Commissioner Inquirer

Head downtown to Matheson Court House in Salt Lake City and, once you participate in the shakedown at security, you will have access to two types of Judicial Officers:  Judges and Commissioners.  Many are familiar with the role of Judges, some of whom only hear Juvenile cases.  However, a common question we are asked by clients is the difference between a Judge and Commissioner.  The title Commissioner is perhaps less familiar because not every court has one or more.  In Utah, there are a few district courts that handle such a large caseload that the Judicial Council has the authority to appoint Commissioners to assist a Judge in handling the cases.  If you have had any experience with family law or domestic protective orders in Matheson Court house or a few others, you have most likely appeared in front of a Commissioner more often than a Judge.


When a divorce, child custody, paternity action or a request for a protective order are filed in some of the Second, Third or Fourth District Courts, the case will be assigned to a specific Judge and specific Commissioner.  In almost any action being taken in these types of family and protective order cases, you will see the Commissioner first, many times more than once.  Commissioners are considered to be a “quasi-judicial” officer of the court.  They must be a lawyer, a resident of the State of Utah and take an oath of office.  They are appointed by the Judicial Council and must receive a majority concurrence of Judges in the same district.


Hearings in front of a commissioner, such as temporary orders, pre-trials, petitions to modify, restraining orders, orders to show cause and protective orders, have different procedures for presenting evidence.  Rather than calling witnesses to the stand to testify and complying with the Utah Rules of Evidence, attorneys and parties can proffer the evidence.  This means that the Commissioner makes a decision by hearing someone represent to the Court what the witnesses and exhibits would show in a formal evidentiary hearing.  The Commissioner then makes a recommendation that will be presented to the assigned Judge.  Final orders must be signed by both the Commissioner and the Judge.  Almost always, the Judge will sign the order that the Commissioner has recommended.  In this aspect, there is very little difference between them.  Commissioner hears the proffered evidence and is the one to make the decision.  The Judge signs off on the Commissioner’s decision making it an actual and enforceable Order of the Court.

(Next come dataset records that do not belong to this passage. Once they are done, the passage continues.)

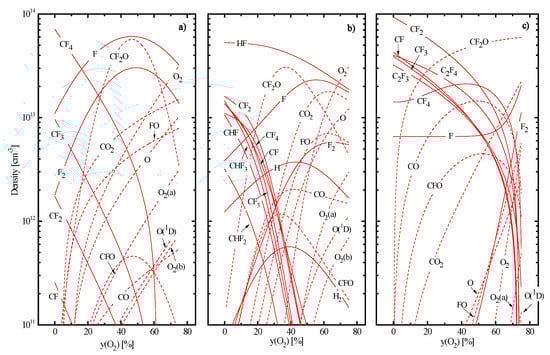 Figure 2. Model-predicted densities of neutral species vs. fraction of O2 in CF4 + O2 (a), CHF3 + O2 (b) and C4F8 + O2 (c) plasmas. Curves marked as O2 (a) and O2 (b) correspond to metastable states of O2(a1Δ) and O2(b1Σ), respectively. Dashed lines are to highlight oxygen-containing reaction products. Processing conditions are the same as those specified under Figure 1. - Plasma density (Figure 1b) exhibits decreasing tendencies vs. in all three gas systems. In the case of CF4 + O2 plasma, the evident reason is the 10-times lower rate coefficients for the ionization of F (~5.8 × 10−11 cm3/s at = 3 eV) and F2 (~1.5 × 10−11 cm3/s at = 3 eV) compared with CFx (~1.5 × 10−10 cm3/s for x = 4 and ~5.0 × 10−10 cm3/s for x = 3 at = 4 eV). Therefore, one can easily imagine that an increases in suppresses the total ionization frequency (and thus production rates for electrons and positive ions) despite weakly increasing . Similar situations for CHF3 + O2 and C4F8 + O2 plasmas probably result from decreasing ionization rate coefficients for all neutral species. The indirect proof is the deeper fall of in the CHF3 + O2 plasma, where the stronger decrease in takes place. An additional reason may relate to increasing densities of more electronegative oxygen-containing species that accelerates losses of positive ions and electrons through ion–ion recombination and dissociative attachment, respectively.
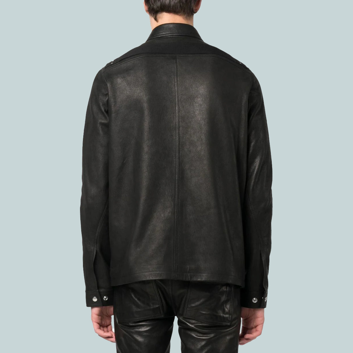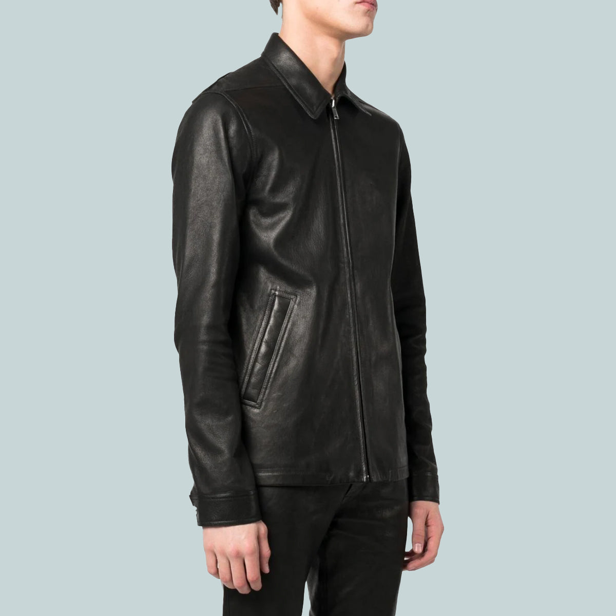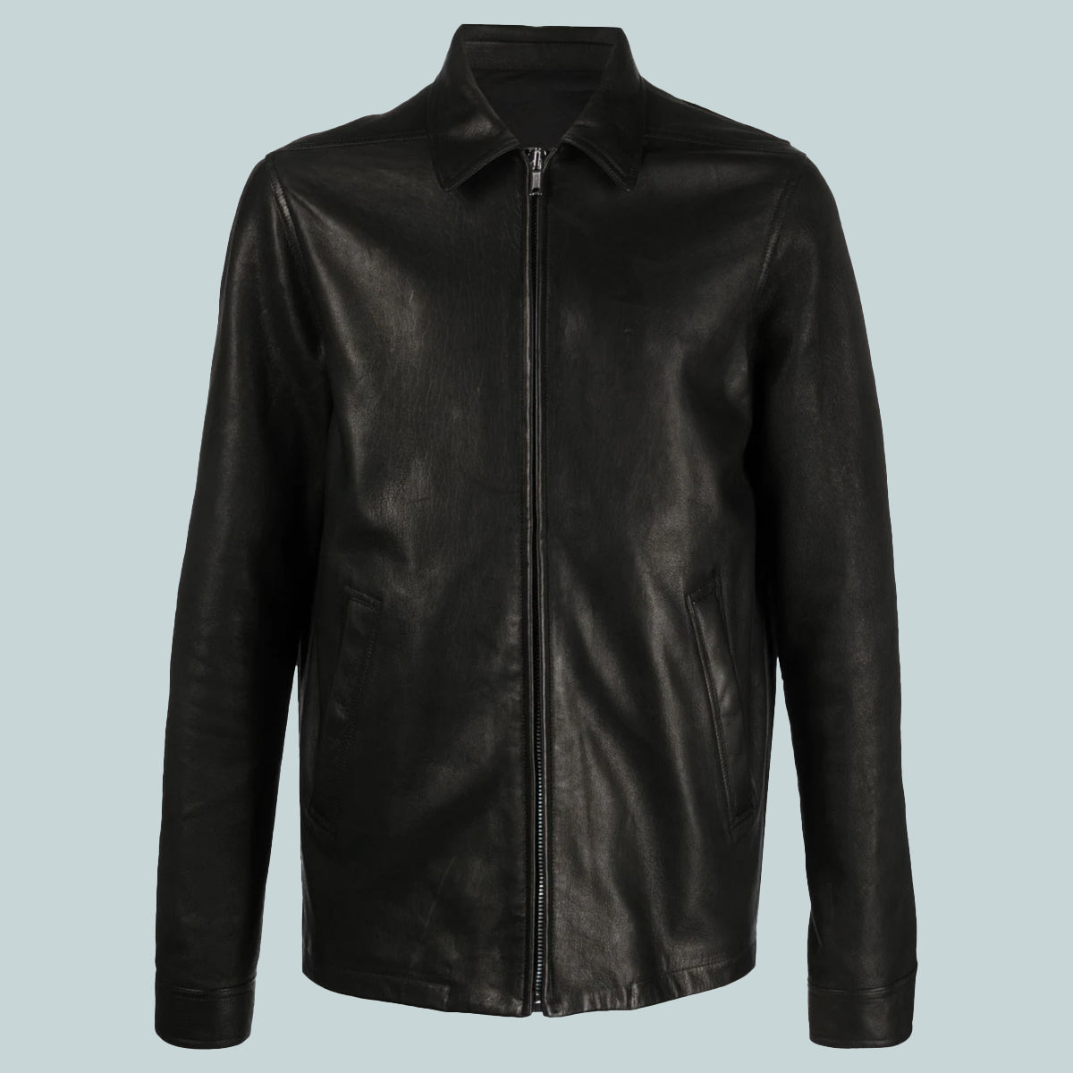 This brad jacket is hip length with a straight fit and long sleeves. It has a centre front zip opening, classic collar, side front welt pockets with an internal snap, slip cuffs with snaps and double topstitching.
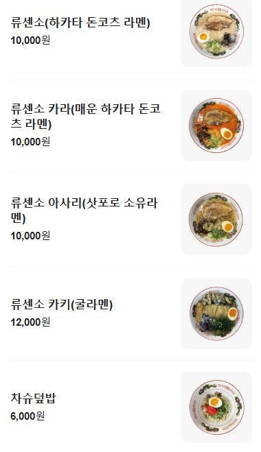 류센소의 메뉴는 다양하고 가격도 합리적이에요. 기본적으로 제공되는 라멘은 다음과 같아요:
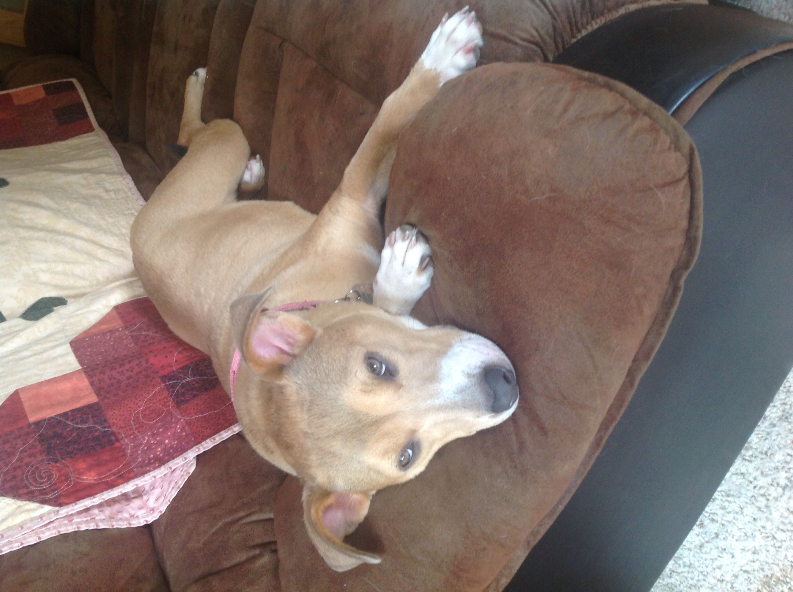 Patty was adopted from a shelter. She is under a year old, probably between 6-11 months. She has lots of energy but once she has been exercised she is down for the count. She loves to play with her toys. She is good with our other dog, but can over play with him a little too much which annoys him. She is not a fan of our cat and vice versa. We would love to know what breed she is. You can definitely see the pit in her , but she is as soft as a cotton ball, so there is something else too. She weighs 40 lbs.

Utah Code allows a short amount of time wherein parties can appeal the Commissioners recommendation to be heard in front of the Judge and any evidence admitted will have to comply with the Utah Rules of Evidence.  


Some cases will end in the Commissioner’s court, others will move on to the Judge.  Either way, understanding the difference between the two Judicial Officers, the types of hearings both handle and the rules for those hearings is important.